A thought and analysis about the OpenType's fsType fields relevance.

[...]

I still think that sofware implementations should be tolerant and have proper flag settings enable licensed usage outside a legacy bitwise mess.

https://dnl.reibenschuh.info/Summary_of_the_OS2_fsType_field_across_a_corpus_of_shareware_fonts.pdf

#typst #pandoc #pdf #truetype #opentype #ttf #otf #fonts

@terefang74
"In open-source typography, the field is often unset even when licenses are explicit elsewhere"
Interesting.
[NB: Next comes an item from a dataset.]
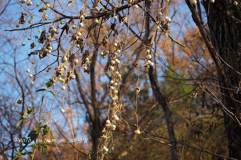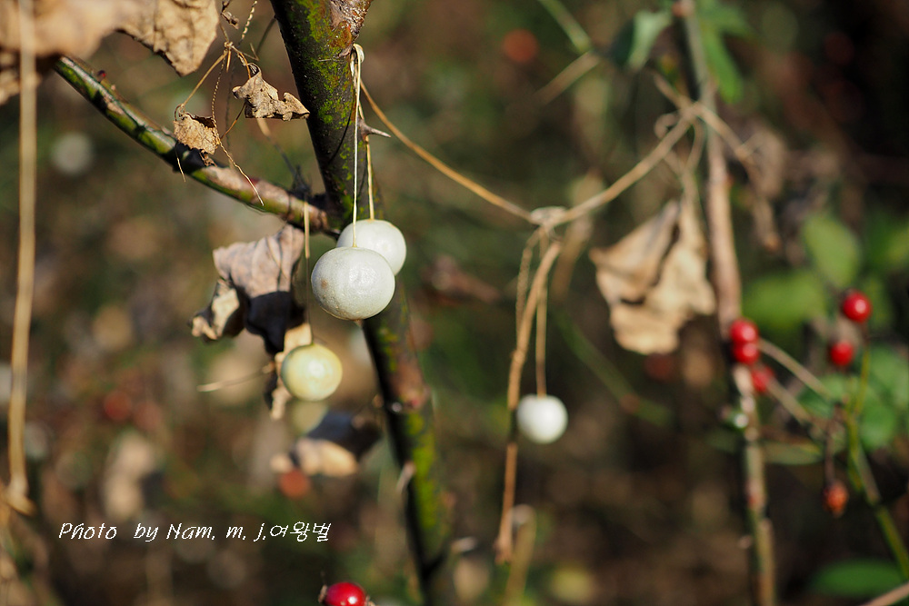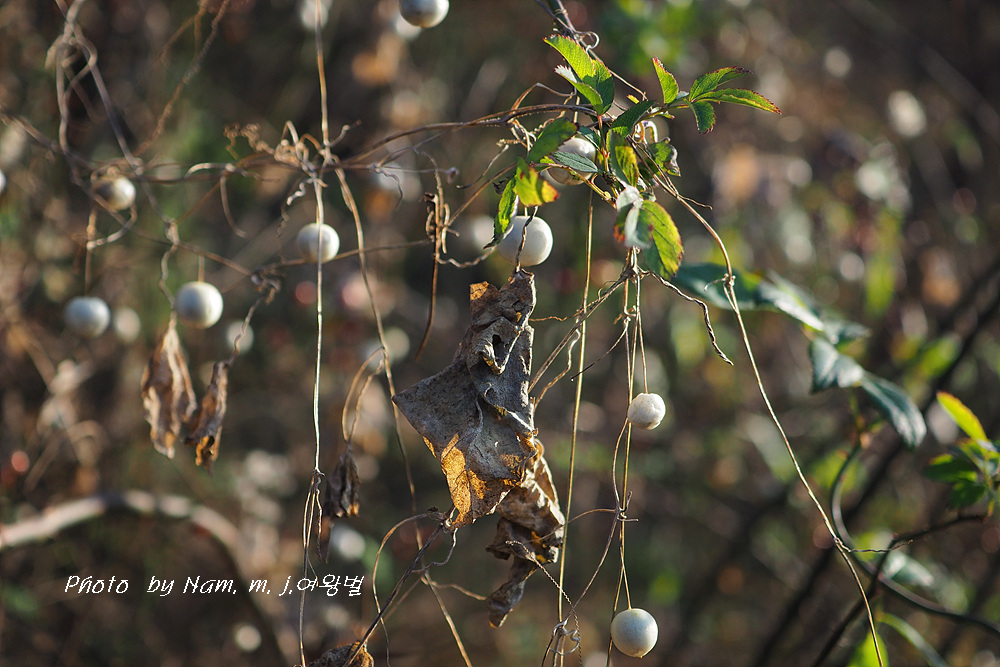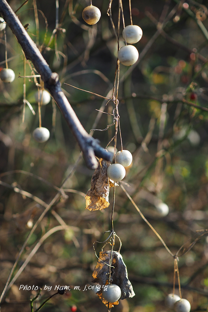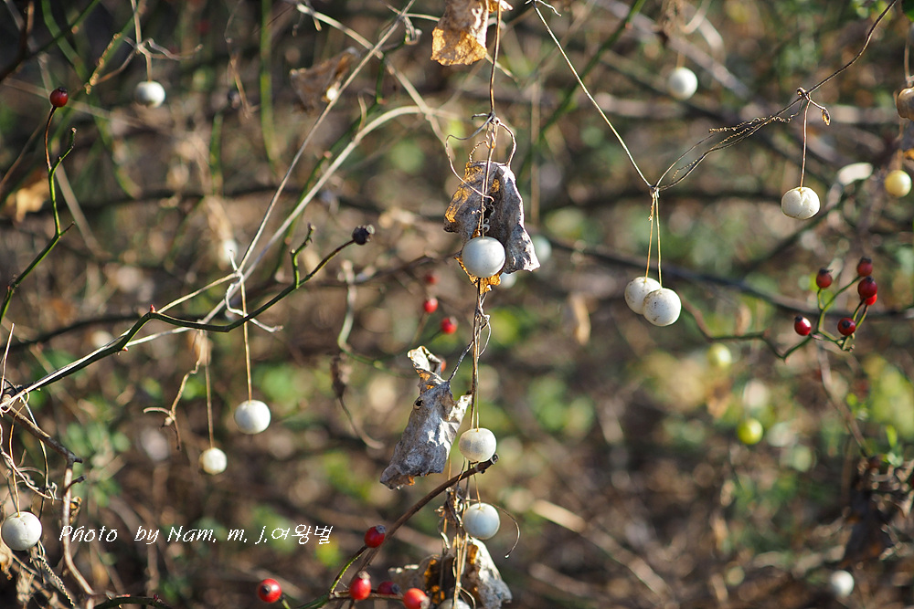 큰도로를 천천이 움직이는데 마른 덩굴에 알알이 달려 있는 하얀 열매를 보고 스치다가 급히 차를 세웠다.

This would perhaps be actionable?

@omikhleia probably not, because the license/copyright text as implemented in opentype is freetext, so usually nothing that would allow easy parsing upon.

also it becomes technically tricky if permissable licenses are provided outside the opentype specification, like a README/LICENSE file paired with fonts in a zip archive.

@terefang74 The license is indeed the authoritative legal document...
You are right that fsType field acting both as a hint of intent and enforcement mechanism is problematic -- but this does seem defective by design, as most technically-based enforcement systems... It's also very messy if the foundry disappears etc.

@omikhleia

observe that the specification was first created before the internet.

while you had different foundries, there were basically only three suppliers (MS, Apple, and Adobe).

a historical oversight that can still cause grief and opinions on both sides 35 years after.